There are other commonly used packages that produce significant amounts of disk writes, not all of which are immediately obvious. I believe their maintainers are generally aware of these issues, and are working to address them.
-
@dennypage
Thank you for the explanation!
Regards,
fireodo -
Something that might help is increase the default async txg timer, defaults to 5 seconds. I am about to go sleep, but on a couple of pfsense VMs I tested the impact of increasing it and it made a significant dents on writes logged by the hypervisor for the VM. This has no impact on sync writes.

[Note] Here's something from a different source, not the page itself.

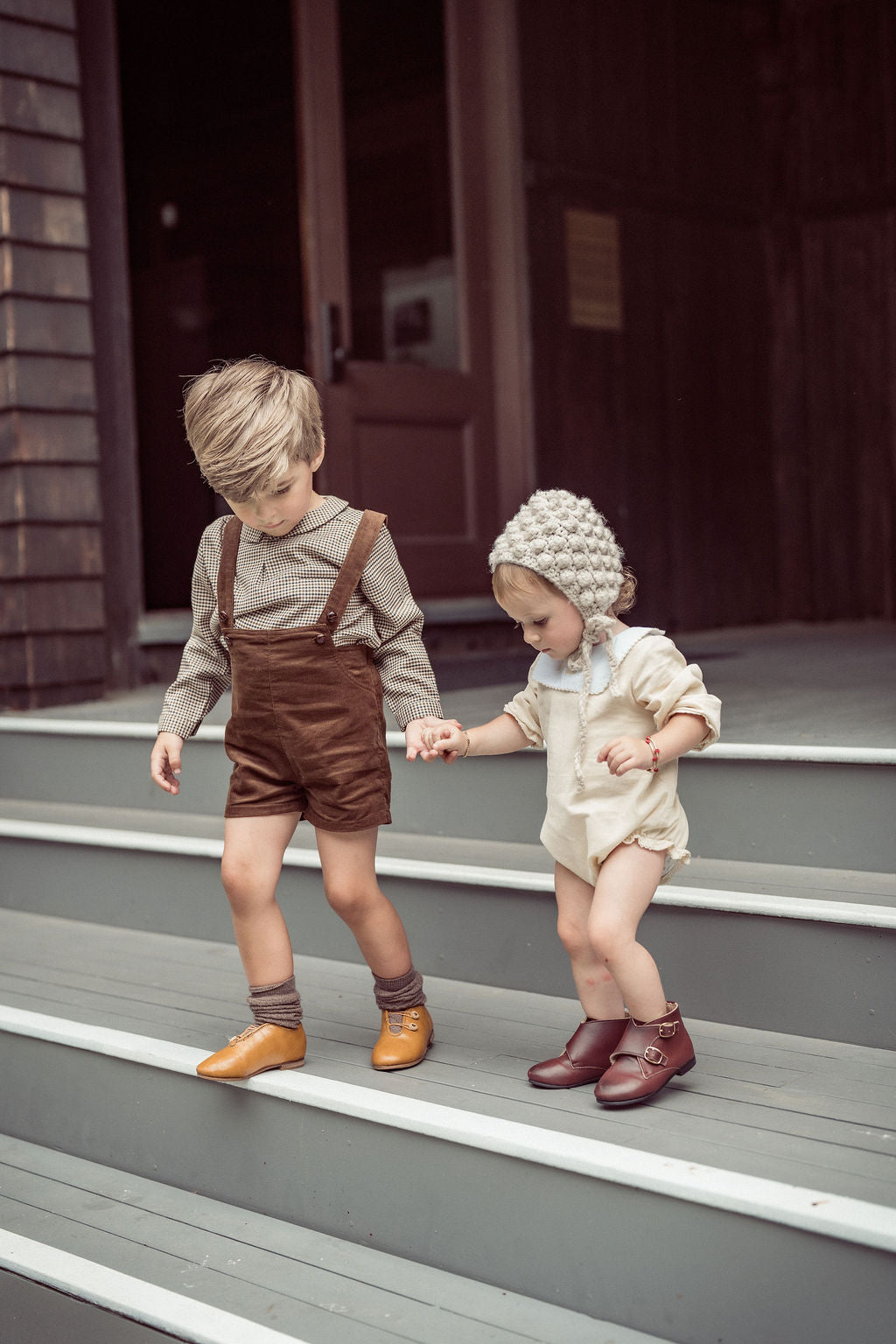 Is your little boy in need of some class? This formal shirt will do the trick with its classic houndstooth pattern, Peter Pan collar and front pocket. Buttons at the back.

Or maybe if a UPS is detected via one of the the UPS packages, it could reconfigure it or something.When I wake up if I remember I will post the exact tunable to change and the exact savings on writes I got.
-
@chrcoluk said in Another Netgate with storage failure, 6 in total so far:
Something that might help is increase the default async txg timer, defaults to 5 seconds.
See here: Tuning
-
@fireodo The txg timeout is the one.
I did also configure 'zfs set sync=disabled' to test and found that made absolutely no difference, all the writes or the vast majority must be async.
The txg timeout also doesnt need to go as high as 120, boosting it to 30 is enough.
So keep zfs set sync as default, and boost 'vfs.zfs.txg.timeout' to 30 is my recommendation to netgate developers.